MOSES LAKE - Grant Integrated Services' 16-bed boarding home is nearly finished.

County officials along with Moses Lake Chamber of Commerce and Grant Integrated Services members recently held a ribbon cutting ceremony for the new facility.

The roughly $1.5 million facility was largely constructed using funds from the organization along with a Strategic Infrastructure Program grant and loan.

The building will house people with mental illnesses and developmental disabilities using 12 long-term beds and four short-term beds.

Gail Goodwin, director of developmental disabilities and mental health residential services, explained the long-term beds are for permanent residents, while the short-term beds are for people staying up to 30 days.
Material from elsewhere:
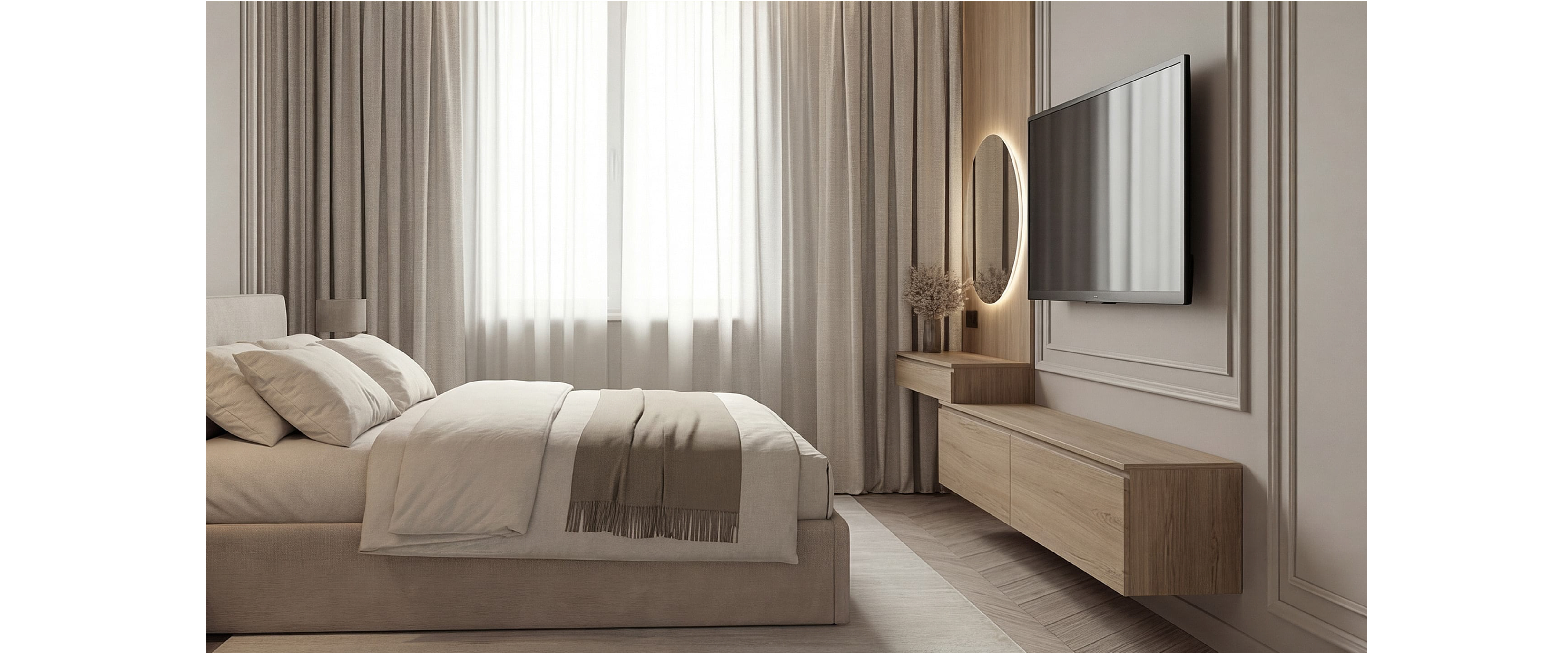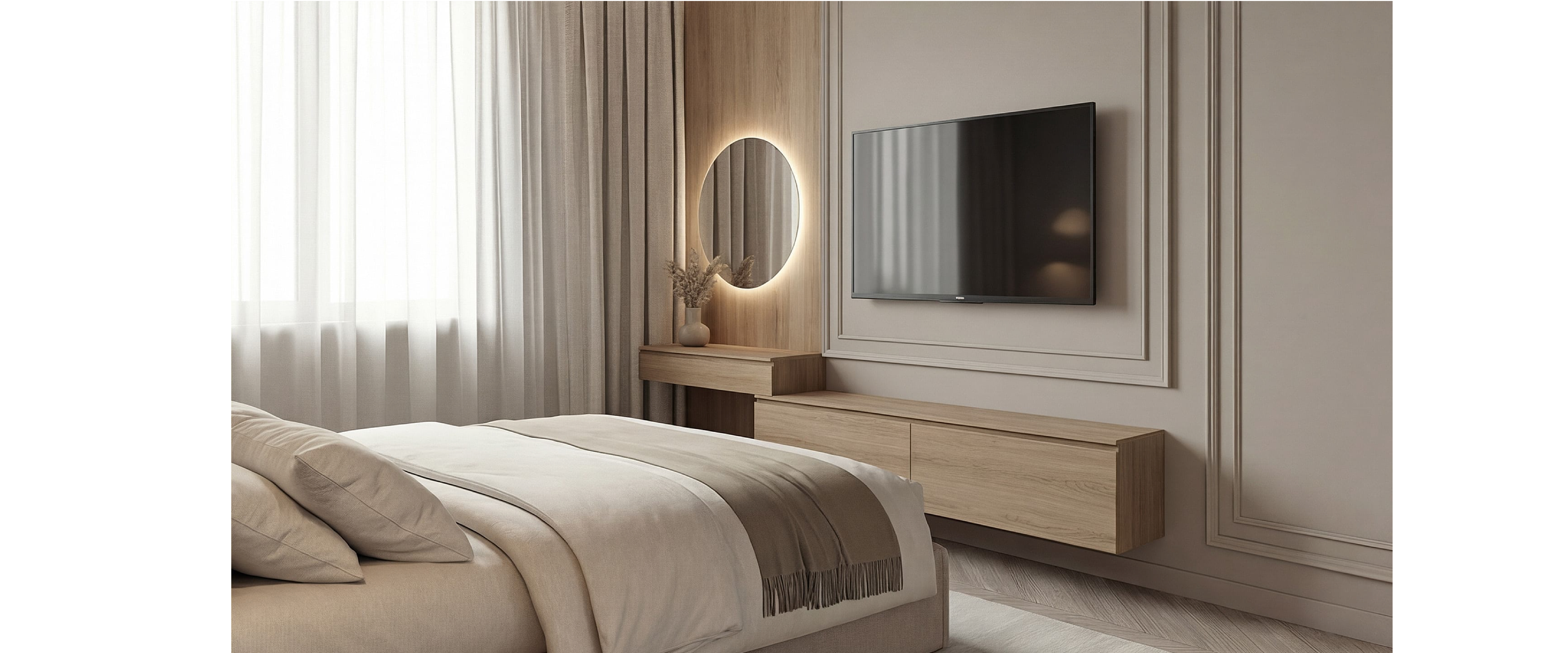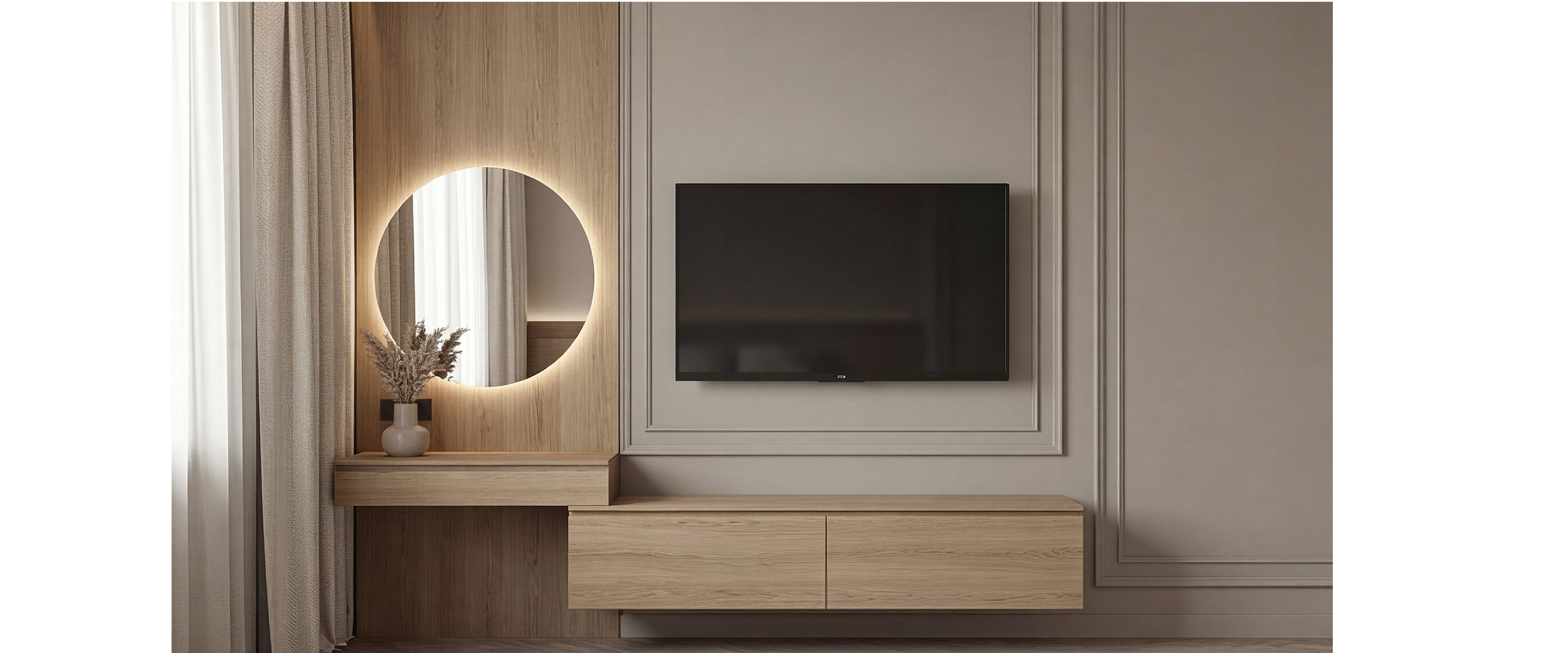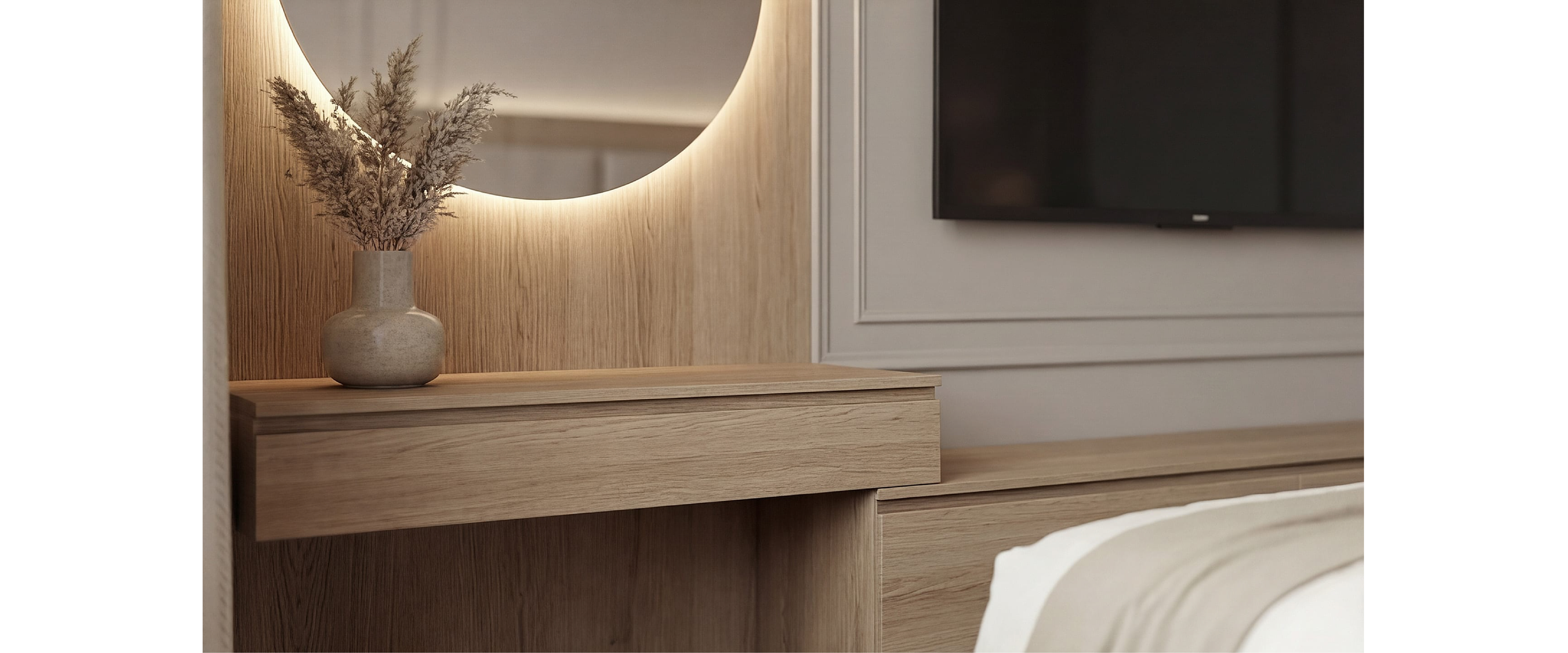 Навесная тумба и стеновая панель из ЛДСП с натуральной древесной текстурой. Сскрытое крепление, встроенные ящики и система push-to-open.

"We have a pretty good housing continuum in the area. This is a gap we have identified," she said. "We anticipate (with) the respite beds, we'll have a place where they can go and stabilize. That is the intent for the short-term beds."

Grant Integrated Services is still waiting for a boarding home license from the state Department of Social and Health Services, Goodwin said; adding she isn't sure when it will officially open.

"The staff at Grant Mental Healthcare are excited and they are talking to people that they support that they feel might be appropriate for the program," she said. "We have five people as potential referrals at this point."

Once the home receives its license, they plan to start slowly, moving in two or three people, and adding more later, Goodwin said.

"So we can ramp up our staffing and work some of the bugs out before we're fully open," she said.

The project started in spring of 2006, when they came to look at the building which used to be located where the boarding home is now, Goodwin said. The company, which was renting the building from the county, asked to rent the building on a month-to-month basis.

"We asked if we could have it instead, so (the commissioners) said, 'Yes,'" she said. "When we started looking into it, the renovations were actually more costly than a new building."

Commissioner Cindy Carter called Goodwin the driving force behind the project, saying she would bring it to the commissioners often.

"She would come to the county commissioners with this idea and she was really excited about it, and when we receive money in the county, our allotment is usually spoken for, and if it's not already allotted out, somebody desperately needs it," she said. "So there's not a lot of money on the county level to be funding something like this. So Gail went after grants, she was denied, and the only funds we could help her with was the Strategic Infrastructure Program funds."

The facility will be a great help to the community, Carter said, pointing out it will allow people to stay in the community, rather than be moved to other counties.

"I really am excited, as well as the rest of the board," she said.